=== YOUR OBJECTIVE ===
Exact transcription, pictures omitted: reproduce the listing below.

=== SUPPLIED DATA ===
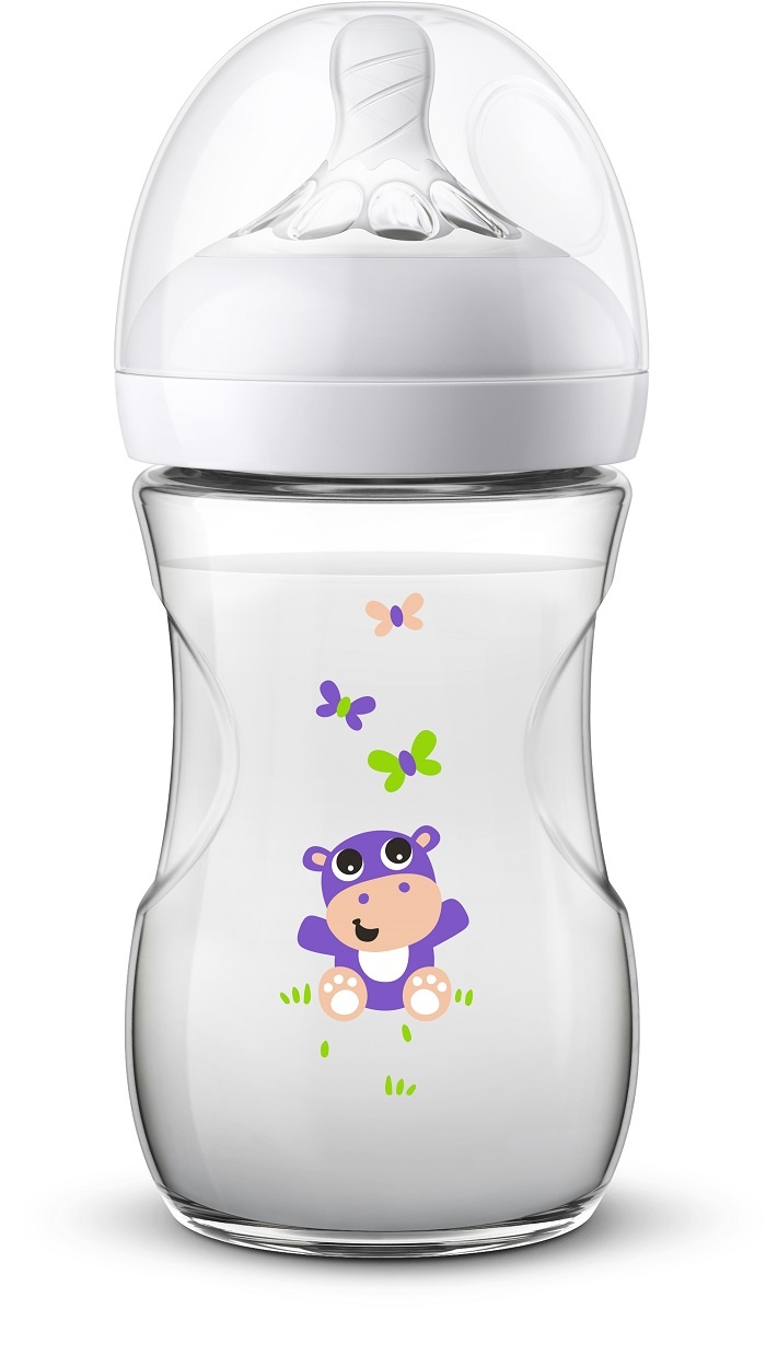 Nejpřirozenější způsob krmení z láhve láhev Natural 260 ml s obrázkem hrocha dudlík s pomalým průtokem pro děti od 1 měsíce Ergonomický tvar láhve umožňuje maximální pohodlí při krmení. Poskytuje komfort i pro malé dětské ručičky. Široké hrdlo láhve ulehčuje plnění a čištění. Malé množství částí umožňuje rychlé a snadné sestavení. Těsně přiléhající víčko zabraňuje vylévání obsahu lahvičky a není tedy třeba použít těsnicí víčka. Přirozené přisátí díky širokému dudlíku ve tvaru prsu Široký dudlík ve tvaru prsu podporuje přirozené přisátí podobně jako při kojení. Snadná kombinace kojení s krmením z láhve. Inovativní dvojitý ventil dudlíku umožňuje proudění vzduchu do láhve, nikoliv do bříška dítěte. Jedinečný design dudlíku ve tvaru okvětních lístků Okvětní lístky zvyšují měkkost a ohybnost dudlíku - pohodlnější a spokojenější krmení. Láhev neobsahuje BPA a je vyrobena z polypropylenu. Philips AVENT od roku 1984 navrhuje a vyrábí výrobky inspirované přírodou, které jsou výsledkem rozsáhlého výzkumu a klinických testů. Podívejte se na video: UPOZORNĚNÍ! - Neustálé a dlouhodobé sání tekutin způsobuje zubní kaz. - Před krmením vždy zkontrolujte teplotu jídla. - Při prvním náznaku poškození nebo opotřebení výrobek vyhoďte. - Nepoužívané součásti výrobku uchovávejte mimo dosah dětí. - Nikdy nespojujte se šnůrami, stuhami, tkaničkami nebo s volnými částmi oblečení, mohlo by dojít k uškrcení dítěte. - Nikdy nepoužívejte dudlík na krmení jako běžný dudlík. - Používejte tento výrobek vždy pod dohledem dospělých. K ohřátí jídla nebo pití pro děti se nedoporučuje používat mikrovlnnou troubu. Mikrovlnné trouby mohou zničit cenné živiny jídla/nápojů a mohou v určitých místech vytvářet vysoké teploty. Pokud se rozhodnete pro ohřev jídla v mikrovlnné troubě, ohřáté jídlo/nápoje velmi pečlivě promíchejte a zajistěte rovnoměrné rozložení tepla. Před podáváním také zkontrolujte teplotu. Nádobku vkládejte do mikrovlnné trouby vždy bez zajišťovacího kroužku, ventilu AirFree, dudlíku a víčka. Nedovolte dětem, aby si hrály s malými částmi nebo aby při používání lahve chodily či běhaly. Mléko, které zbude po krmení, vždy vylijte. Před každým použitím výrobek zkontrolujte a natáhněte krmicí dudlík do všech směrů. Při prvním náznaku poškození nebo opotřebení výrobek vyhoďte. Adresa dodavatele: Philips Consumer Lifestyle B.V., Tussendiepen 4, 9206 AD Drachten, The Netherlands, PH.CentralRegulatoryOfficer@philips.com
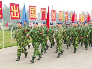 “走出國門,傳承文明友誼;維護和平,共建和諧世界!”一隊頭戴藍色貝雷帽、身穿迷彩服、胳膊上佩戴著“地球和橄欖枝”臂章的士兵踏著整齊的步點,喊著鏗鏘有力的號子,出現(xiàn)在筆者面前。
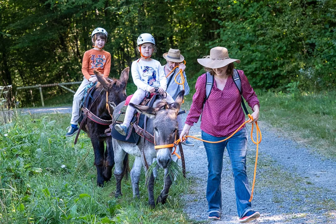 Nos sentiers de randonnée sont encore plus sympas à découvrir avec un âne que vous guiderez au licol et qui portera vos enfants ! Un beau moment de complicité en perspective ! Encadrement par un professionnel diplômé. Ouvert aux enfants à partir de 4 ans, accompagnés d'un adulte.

=== RESPONSE AREA ===
 Nejpřirozenější způsob krmení z láhve láhev Natural 260 ml s obrázkem hrocha dudlík s pomalým průtokem pro děti od 1 měsíce Ergonomický tvar láhve umožňuje maximální pohodlí při krmení. Poskytuje komfort i pro malé dětské ručičky. Široké hrdlo láhve ulehčuje plnění a čištění. Malé množství částí umožňuje rychlé a snadné sestavení. Těsně přiléhající víčko zabraňuje vylévání obsahu lahvičky a není tedy třeba použít těsnicí víčka. Přirozené přisátí díky širokému dudlíku ve tvaru prsu Široký dudlík ve tvaru prsu podporuje přirozené přisátí podobně jako při kojení. Snadná kombinace kojení s krmením z láhve. Inovativní dvojitý ventil dudlíku umožňuje proudění vzduchu do láhve, nikoliv do bříška dítěte. Jedinečný design dudlíku ve tvaru okvětních lístků Okvětní lístky zvyšují měkkost a ohybnost dudlíku - pohodlnější a spokojenější krmení. Láhev neobsahuje BPA a je vyrobena z polypropylenu. Philips AVENT od roku 1984 navrhuje a vyrábí výrobky inspirované přírodou, které jsou výsledkem rozsáhlého výzkumu a klinických testů. Podívejte se na video: UPOZORNĚNÍ! - Neustálé a dlouhodobé sání tekutin způsobuje zubní kaz. - Před krmením vždy zkontrolujte teplotu jídla. - Při prvním náznaku poškození nebo opotřebení výrobek vyhoďte. - Nepoužívané součásti výrobku uchovávejte mimo dosah dětí. - Nikdy nespojujte se šnůrami, stuhami, tkaničkami nebo s volnými částmi oblečení, mohlo by dojít k uškrcení dítěte. - Nikdy nepoužívejte dudlík na krmení jako běžný dudlík. - Používejte tento výrobek vždy pod dohledem dospělých. K ohřátí jídla nebo pití pro děti se nedoporučuje používat mikrovlnnou troubu. Mikrovlnné trouby mohou zničit cenné živiny jídla/nápojů a mohou v určitých místech vytvářet vysoké teploty. Pokud se rozhodnete pro ohřev jídla v mikrovlnné troubě, ohřáté jídlo/nápoje velmi pečlivě promíchejte a zajistěte rovnoměrné rozložení tepla. Před podáváním také zkontrolujte teplotu. Nádobku vkládejte do mikrovlnné trouby vždy bez zajišťovacího kroužku, ventilu AirFree, dudlíku a víčka. Nedovolte dětem, aby si hrály s malými částmi nebo aby při používání lahve chodily či běhaly. Mléko, které zbude po krmení, vždy vylijte. Před každým použitím výrobek zkontrolujte a natáhněte krmicí dudlík do všech směrů. Při prvním náznaku poškození nebo opotřebení výrobek vyhoďte. Adresa dodavatele: Philips Consumer Lifestyle B.V., Tussendiepen 4, 9206 AD Drachten, The Netherlands, PH.CentralRegulatoryOfficer@philips.com
 “走出國門,傳承文明友誼;維護和平,共建和諧世界!”一隊頭戴藍色貝雷帽、身穿迷彩服、胳膊上佩戴著“地球和橄欖枝”臂章的士兵踏著整齊的步點,喊著鏗鏘有力的號子,出現(xiàn)在筆者面前。
 Nos sentiers de randonnée sont encore plus sympas à découvrir avec un âne que vous guiderez au licol et qui portera vos enfants ! Un beau moment de complicité en perspective ! Encadrement par un professionnel diplômé. Ouvert aux enfants à partir de 4 ans, accompagnés d'un adulte.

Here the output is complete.